### DATA
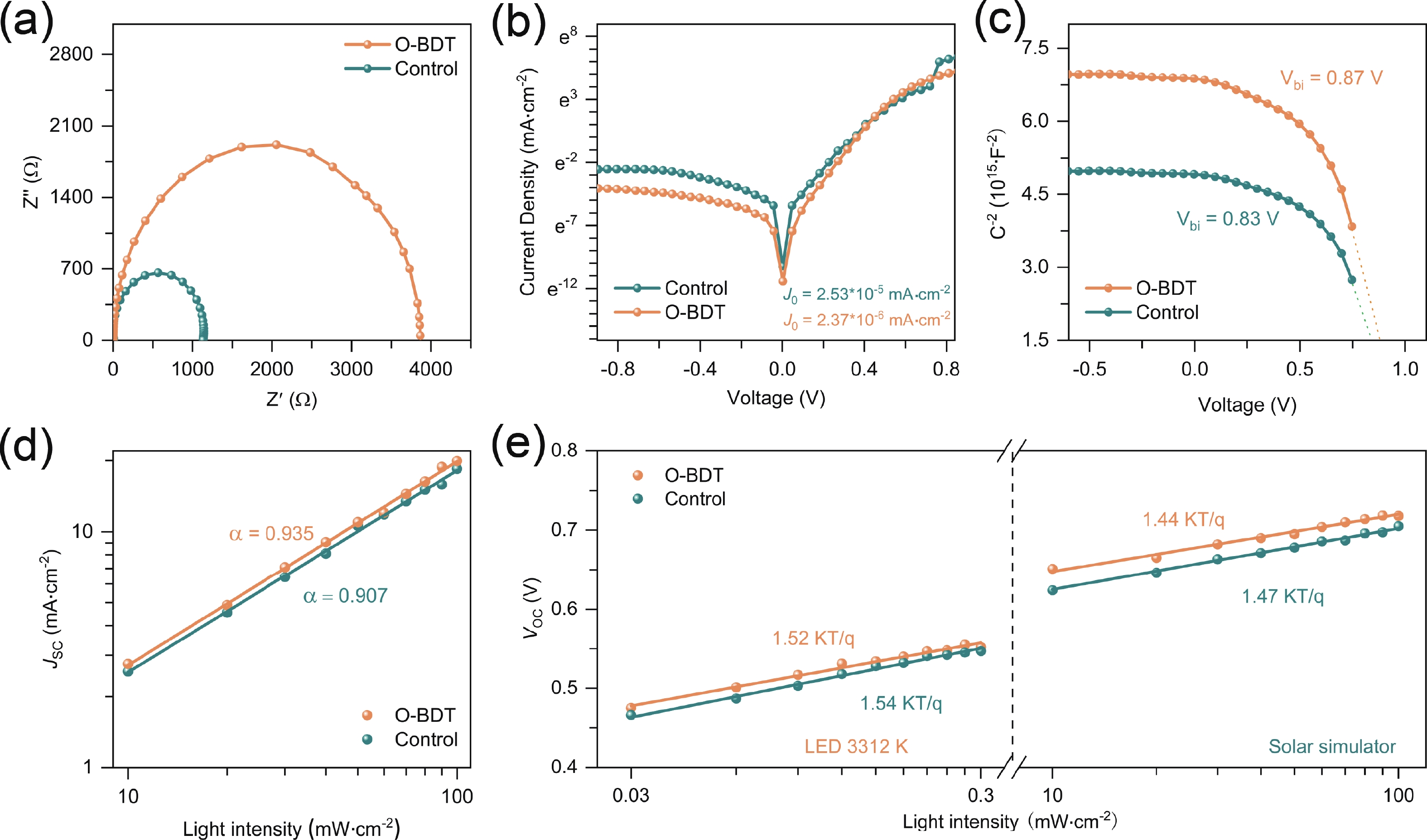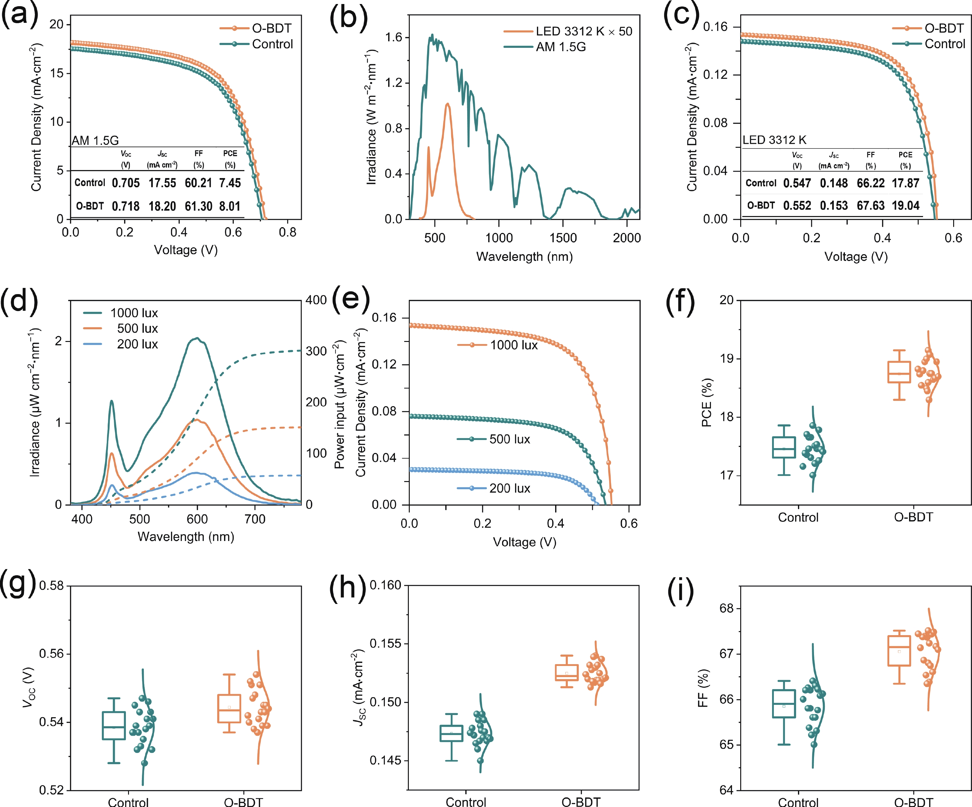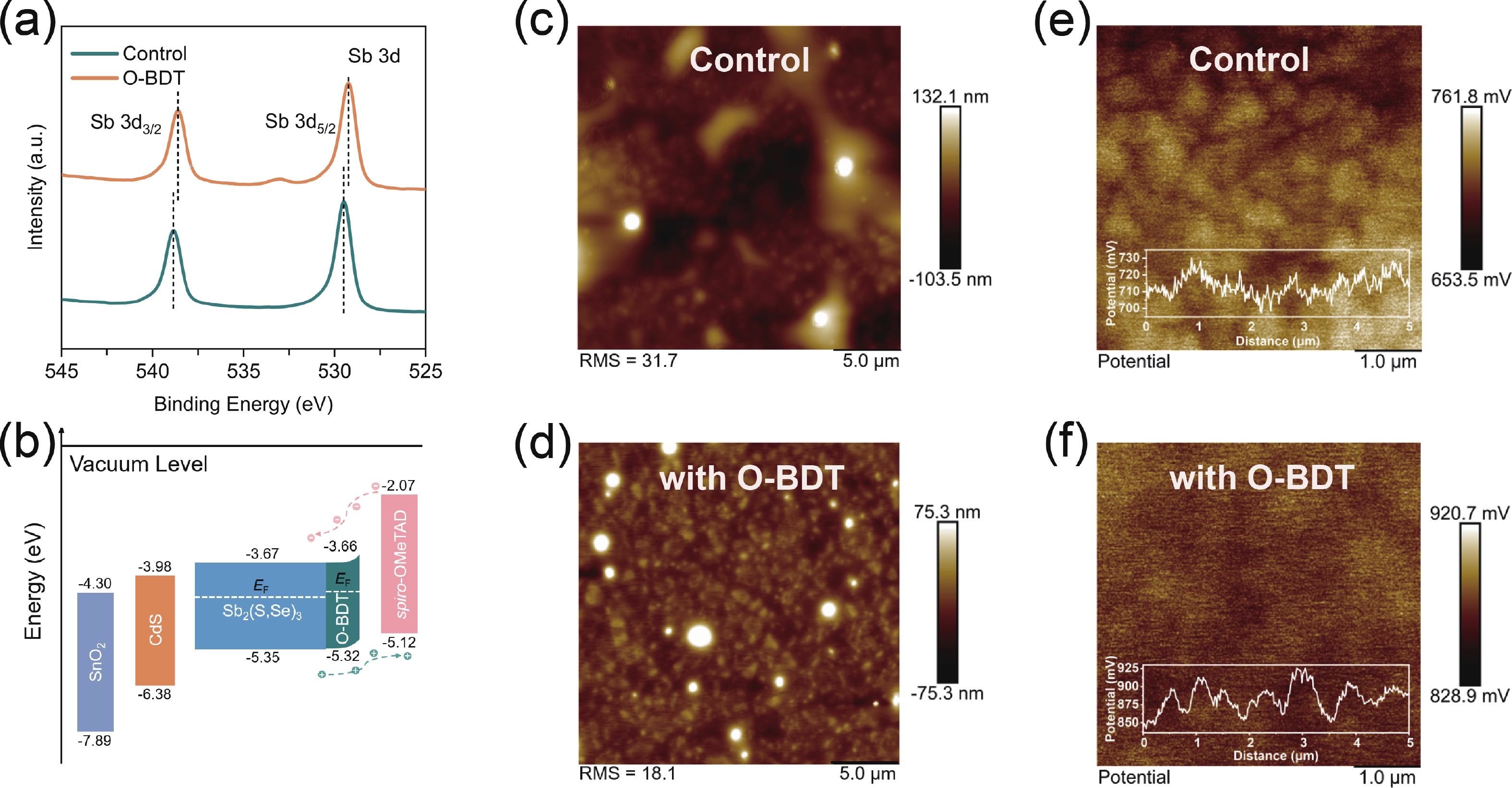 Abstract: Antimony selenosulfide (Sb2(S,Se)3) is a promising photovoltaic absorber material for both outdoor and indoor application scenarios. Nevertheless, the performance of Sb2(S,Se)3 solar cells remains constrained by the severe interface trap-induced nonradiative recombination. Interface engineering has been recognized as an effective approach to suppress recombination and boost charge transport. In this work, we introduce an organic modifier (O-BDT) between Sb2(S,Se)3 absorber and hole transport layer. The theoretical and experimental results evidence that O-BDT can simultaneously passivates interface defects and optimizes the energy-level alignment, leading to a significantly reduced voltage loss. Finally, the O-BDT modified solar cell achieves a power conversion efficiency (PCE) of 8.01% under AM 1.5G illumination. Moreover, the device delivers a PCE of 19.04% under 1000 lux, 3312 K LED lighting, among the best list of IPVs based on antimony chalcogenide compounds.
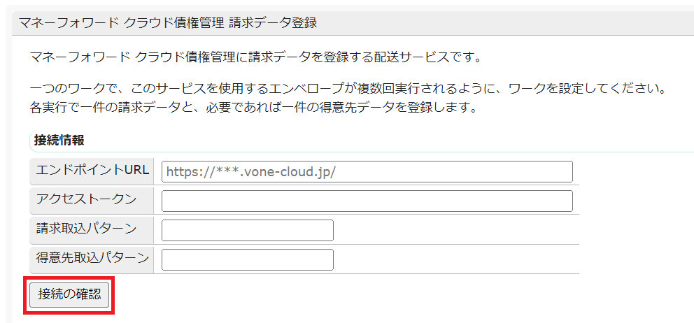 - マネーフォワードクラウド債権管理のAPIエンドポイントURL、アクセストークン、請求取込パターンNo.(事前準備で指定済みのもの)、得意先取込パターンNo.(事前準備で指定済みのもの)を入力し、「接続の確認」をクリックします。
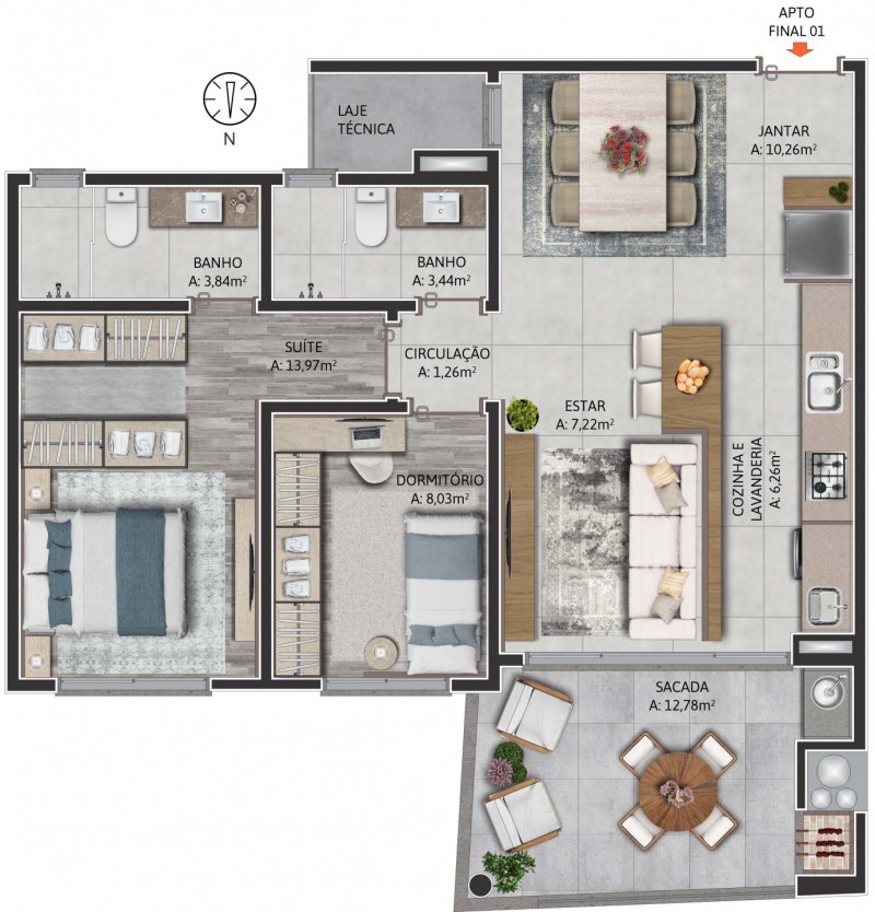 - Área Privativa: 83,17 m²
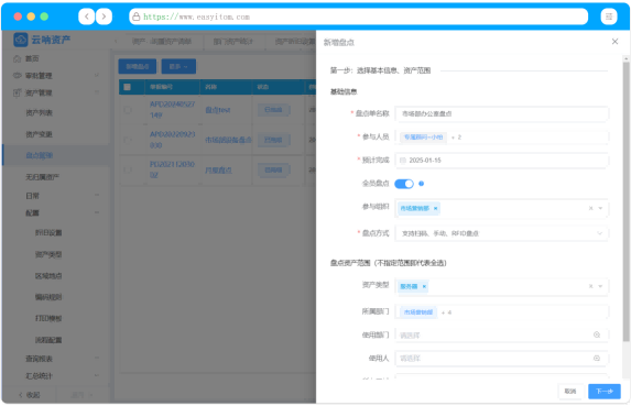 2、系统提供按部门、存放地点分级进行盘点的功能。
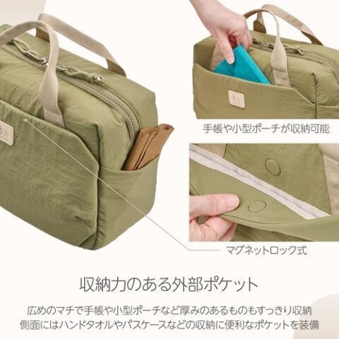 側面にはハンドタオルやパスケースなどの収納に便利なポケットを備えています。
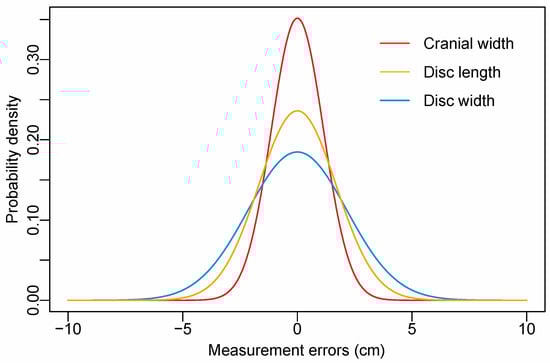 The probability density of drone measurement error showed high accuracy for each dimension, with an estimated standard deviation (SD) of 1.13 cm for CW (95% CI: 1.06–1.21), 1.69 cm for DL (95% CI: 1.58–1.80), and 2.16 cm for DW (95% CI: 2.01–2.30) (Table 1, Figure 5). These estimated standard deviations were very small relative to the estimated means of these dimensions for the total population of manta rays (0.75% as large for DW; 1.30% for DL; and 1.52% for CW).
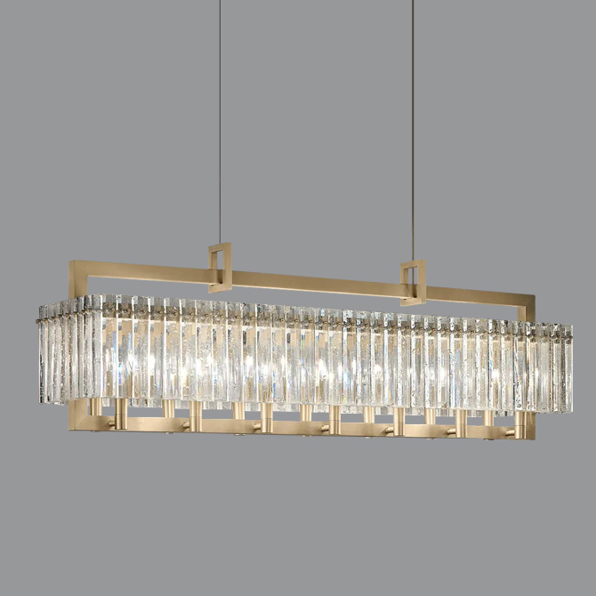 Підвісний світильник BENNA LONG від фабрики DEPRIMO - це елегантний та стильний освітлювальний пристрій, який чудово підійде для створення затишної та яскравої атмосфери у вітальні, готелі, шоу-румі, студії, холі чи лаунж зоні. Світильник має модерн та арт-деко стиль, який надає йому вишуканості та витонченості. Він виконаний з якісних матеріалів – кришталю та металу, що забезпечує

### INSTRUCTIONS TO FOLLOW
Repeat, with no pictures, every line from the top of the entries above through the line that has "The probability density", keeping each one exact.

### TASK ANSWER
 Abstract: Antimony selenosulfide (Sb2(S,Se)3) is a promising photovoltaic absorber material for both outdoor and indoor application scenarios. Nevertheless, the performance of Sb2(S,Se)3 solar cells remains constrained by the severe interface trap-induced nonradiative recombination. Interface engineering has been recognized as an effective approach to suppress recombination and boost charge transport. In this work, we introduce an organic modifier (O-BDT) between Sb2(S,Se)3 absorber and hole transport layer. The theoretical and experimental results evidence that O-BDT can simultaneously passivates interface defects and optimizes the energy-level alignment, leading to a significantly reduced voltage loss. Finally, the O-BDT modified solar cell achieves a power conversion efficiency (PCE) of 8.01% under AM 1.5G illumination. Moreover, the device delivers a PCE of 19.04% under 1000 lux, 3312 K LED lighting, among the best list of IPVs based on antimony chalcogenide compounds.
 - マネーフォワードクラウド債権管理のAPIエンドポイントURL、アクセストークン、請求取込パターンNo.(事前準備で指定済みのもの)、得意先取込パターンNo.(事前準備で指定済みのもの)を入力し、「接続の確認」をクリックします。
 - Área Privativa: 83,17 m²
 2、系统提供按部门、存放地点分级进行盘点的功能。
 側面にはハンドタオルやパスケースなどの収納に便利なポケットを備えています。
 The probability density of drone measurement error showed high accuracy for each dimension, with an estimated standard deviation (SD) of 1.13 cm for CW (95% CI: 1.06–1.21), 1.69 cm for DL (95% CI: 1.58–1.80), and 2.16 cm for DW (95% CI: 2.01–2.30) (Table 1, Figure 5). These estimated standard deviations were very small relative to the estimated means of these dimensions for the total population of manta rays (0.75% as large for DW; 1.30% for DL; and 1.52% for CW).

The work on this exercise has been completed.